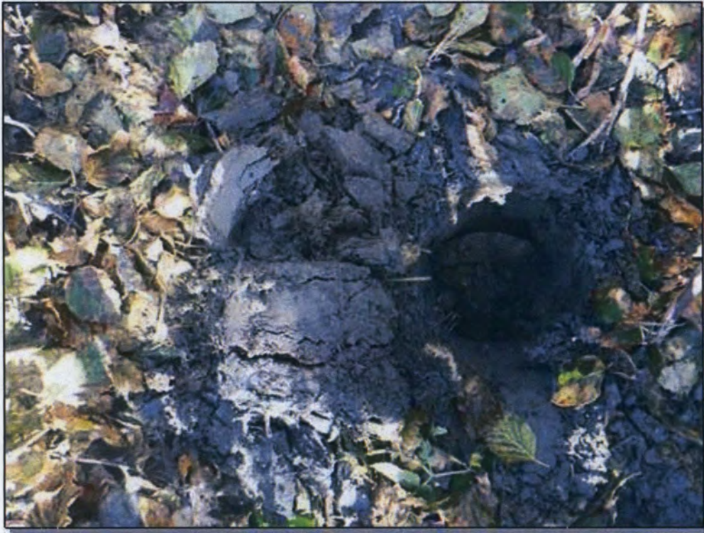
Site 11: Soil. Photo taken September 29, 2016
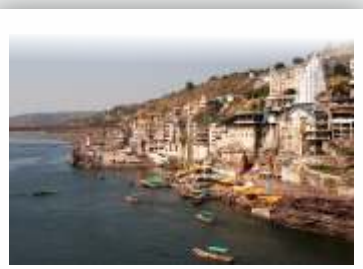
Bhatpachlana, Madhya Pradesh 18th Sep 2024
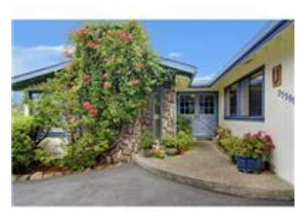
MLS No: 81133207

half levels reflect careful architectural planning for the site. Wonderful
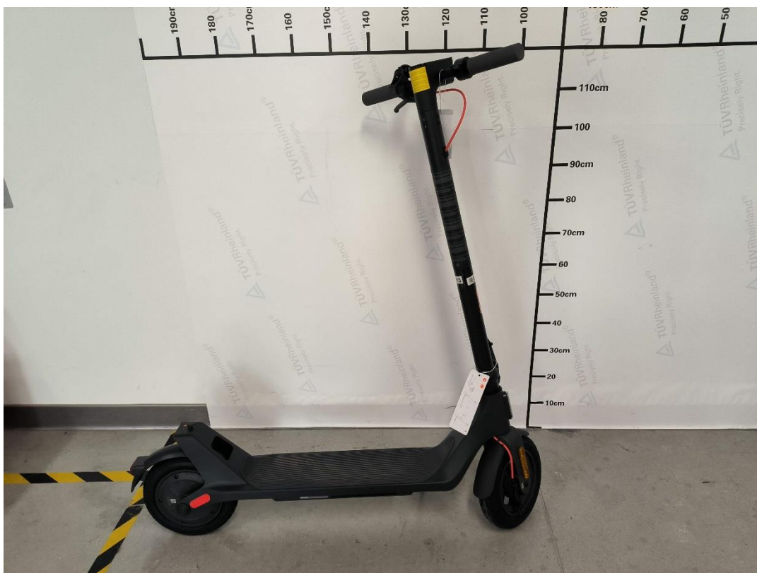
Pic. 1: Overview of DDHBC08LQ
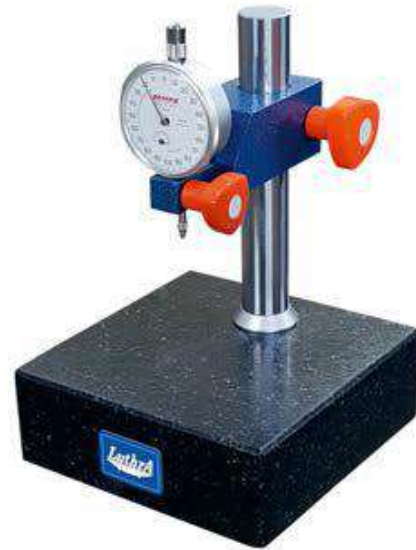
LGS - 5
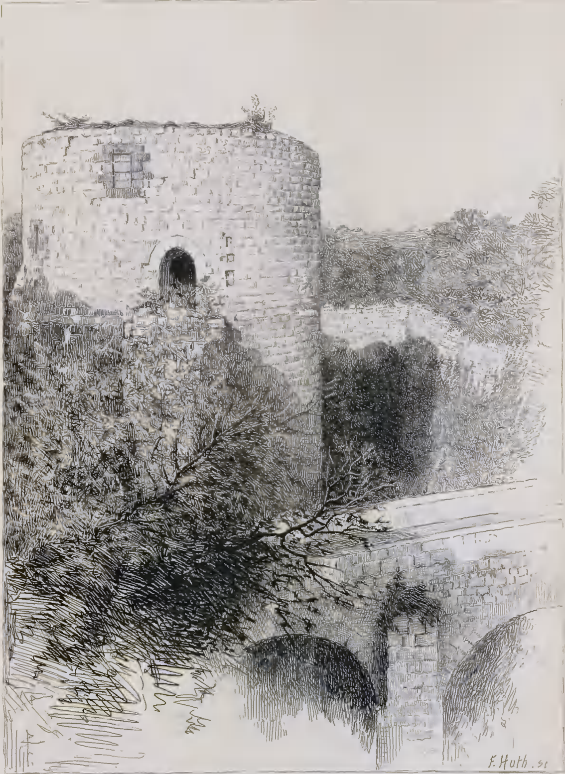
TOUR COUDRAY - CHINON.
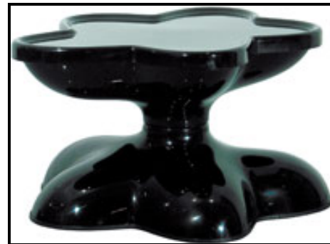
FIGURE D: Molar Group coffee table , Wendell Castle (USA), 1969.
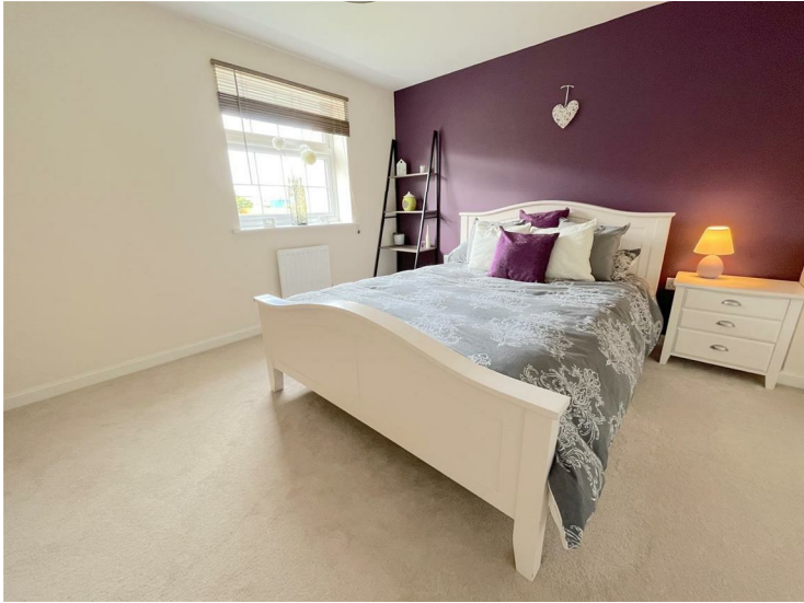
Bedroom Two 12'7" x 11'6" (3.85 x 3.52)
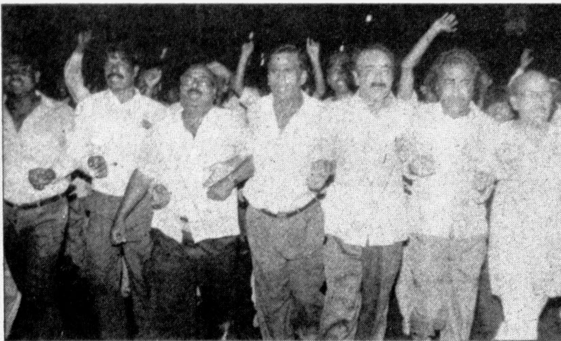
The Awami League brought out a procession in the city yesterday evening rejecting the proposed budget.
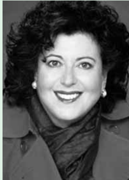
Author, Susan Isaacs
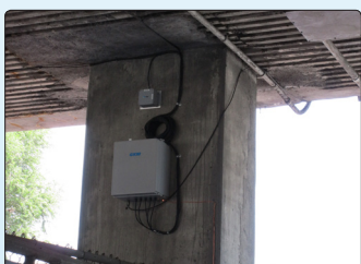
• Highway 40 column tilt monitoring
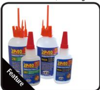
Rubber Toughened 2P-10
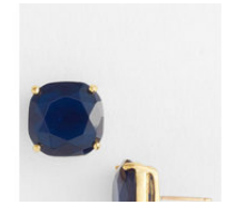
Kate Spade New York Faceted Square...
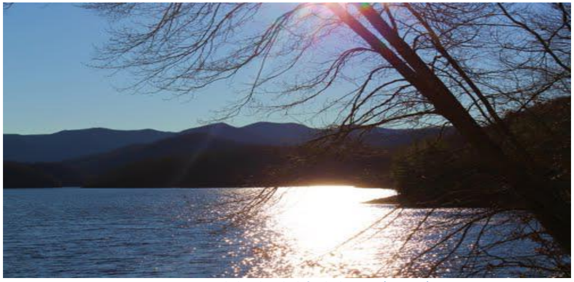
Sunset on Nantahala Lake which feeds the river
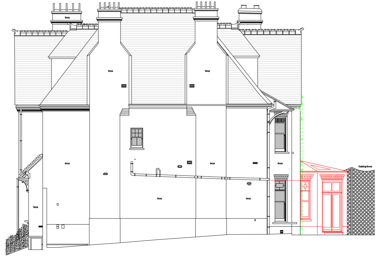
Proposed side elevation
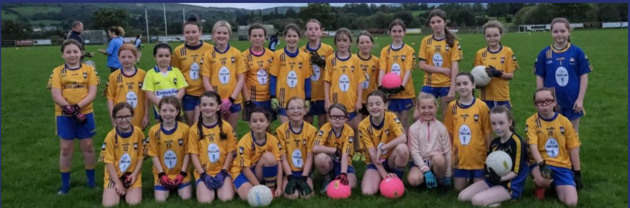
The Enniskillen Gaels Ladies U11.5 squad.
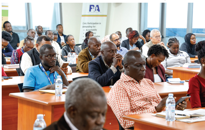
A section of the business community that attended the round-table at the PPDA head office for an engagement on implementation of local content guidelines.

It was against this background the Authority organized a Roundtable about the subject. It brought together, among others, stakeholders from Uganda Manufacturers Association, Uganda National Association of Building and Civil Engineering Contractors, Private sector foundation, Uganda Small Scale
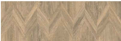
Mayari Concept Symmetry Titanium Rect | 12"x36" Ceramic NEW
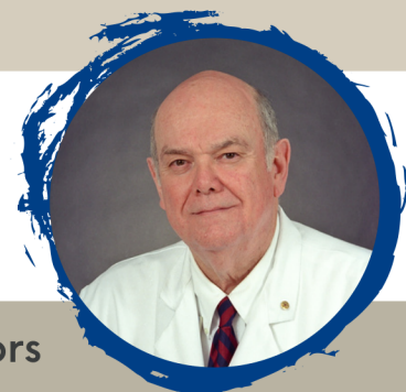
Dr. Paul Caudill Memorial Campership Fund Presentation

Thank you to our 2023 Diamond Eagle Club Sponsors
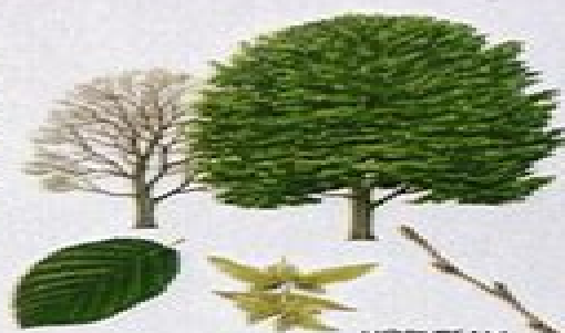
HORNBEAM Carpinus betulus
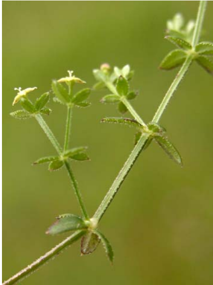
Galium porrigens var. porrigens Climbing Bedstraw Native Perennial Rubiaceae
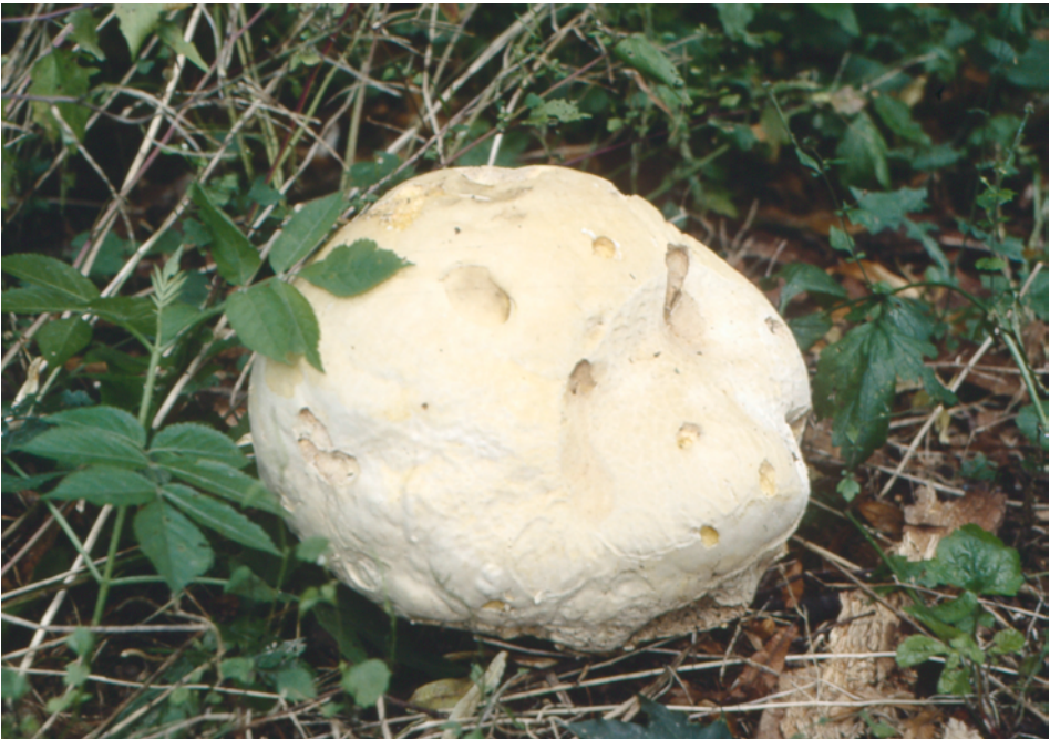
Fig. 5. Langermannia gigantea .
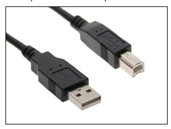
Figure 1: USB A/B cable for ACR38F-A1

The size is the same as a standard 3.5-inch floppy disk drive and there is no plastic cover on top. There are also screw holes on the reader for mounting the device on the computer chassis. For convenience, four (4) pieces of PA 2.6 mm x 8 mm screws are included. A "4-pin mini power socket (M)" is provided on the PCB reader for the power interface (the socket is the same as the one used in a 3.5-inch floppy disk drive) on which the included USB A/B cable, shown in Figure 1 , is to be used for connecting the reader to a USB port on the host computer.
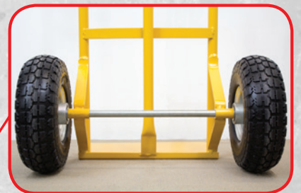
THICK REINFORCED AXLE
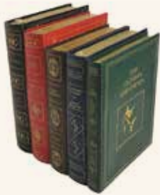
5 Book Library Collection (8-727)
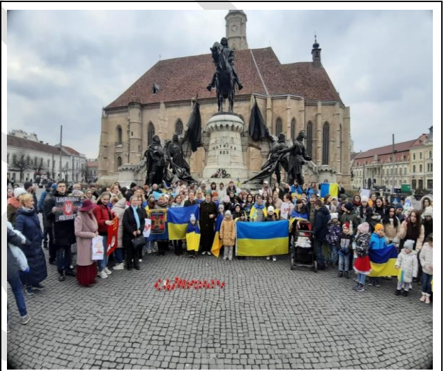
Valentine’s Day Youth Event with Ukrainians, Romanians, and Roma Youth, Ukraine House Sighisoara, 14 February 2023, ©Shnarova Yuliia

•••••

• What the task requires:
Look back at the data above, then output exactly the lines from the line holding "MLS No: 81133207" up to and including the line holding "Kate Spade New York Faceted Square...". Leave out the pictures.

• Task solution:
MLS No: 81133207

half levels reflect careful architectural planning for the site. Wonderful
Pic. 1: Overview of DDHBC08LQ
LGS - 5
TOUR COUDRAY - CHINON.
FIGURE D: Molar Group coffee table , Wendell Castle (USA), 1969.
Bedroom Two 12'7" x 11'6" (3.85 x 3.52)
The Awami League brought out a procession in the city yesterday evening rejecting the proposed budget.
Author, Susan Isaacs
• Highway 40 column tilt monitoring
Rubber Toughened 2P-10
Kate Spade New York Faceted Square...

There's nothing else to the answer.